Por que um pai e uma mãe decidem expor publicamente, em uma emissora de TV, para milhões de pessoas, o que deveria ser a privacidade de uma dor irreparável? Por que os pais da garota Yumi aceitaram participar do circo mórbido da mídia?

Nem é o caso de insistir no quanto os veículos de comunicação são capazes de ultrapassar os limites da dignidade humana.
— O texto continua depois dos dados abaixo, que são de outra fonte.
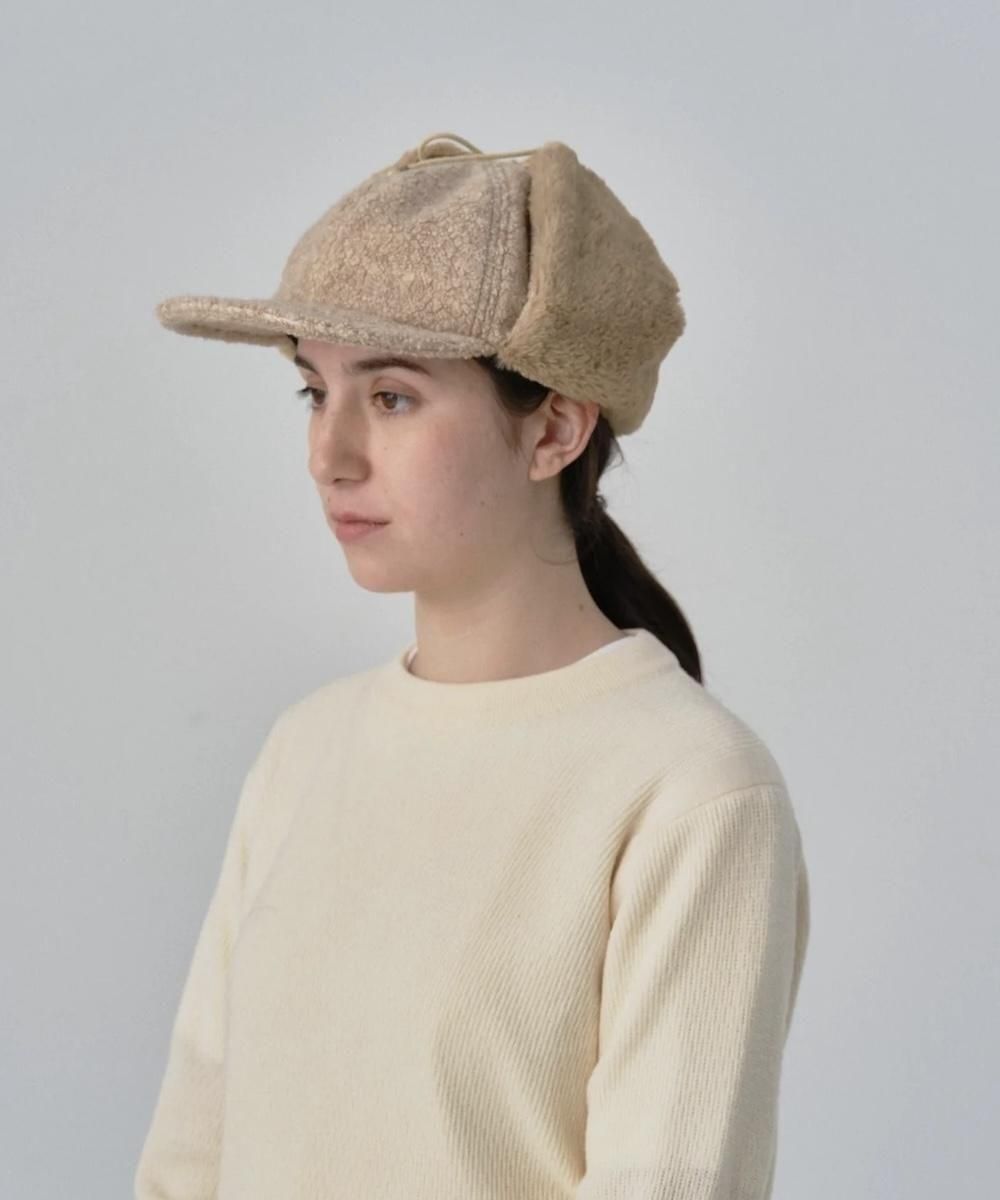 ボリュームのある重厚なファーが上品なイヤーフラップキャップ。 程良い深さと、幅広で少し長めのバイザーにより安定した被り心地です。 イヤーフラップには滑らかな肌触りのフェイクファーを合わせ、防寒性を高めました。 サイズ調整リボン付き。

Por audiência, são capazes de exibir qualquer tragédia à exaustão.  Esse canibalismo todos conhecemos.

Mas esse espetáculo muitas vezes repugnante não se faz sem voluntários. Por algum motivo insondável, existem pessoas que desfilam espontaneamente nessa passarela de horrores.
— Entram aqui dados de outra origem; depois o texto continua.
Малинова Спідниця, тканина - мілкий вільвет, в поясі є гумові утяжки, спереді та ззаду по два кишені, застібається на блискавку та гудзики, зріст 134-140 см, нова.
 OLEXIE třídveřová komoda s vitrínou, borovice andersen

Que o repórter Tino Marcos fez seu trabalho não se discute. Perguntou, concordaram, ok. Disseram na abertura da entrevista que são amigos há anos.

Não é coisa que se peça, entrar de luto no horário nobre. Se fosse amigo mesmo, teria deixado os dois em paz. Seria esperar demais de um jornalista?

Mas ele é pago pra isso, não usou câmera oculta, não manipulou ninguém. Os pais da Yumi foram parar no Jornal Nacional porque quiseram.

Para que? Alguém me ajude a entender. Se ao menos fossem verter lágrimas para saciar os melodramáticos. Se tivessem alguma súplica a fazer, pedissem solidariedade, orações, prantos. Mas não. Contentaram-se com um discurso piegas e surpreendentemente frio.

Quando até mesmo o luto se torna um espetáculo inútil é porque a sociedade está seriamente doente. Uma avalanche, uma epidemia se aproxima. Essa miséria ainda vai desabar sobre nós.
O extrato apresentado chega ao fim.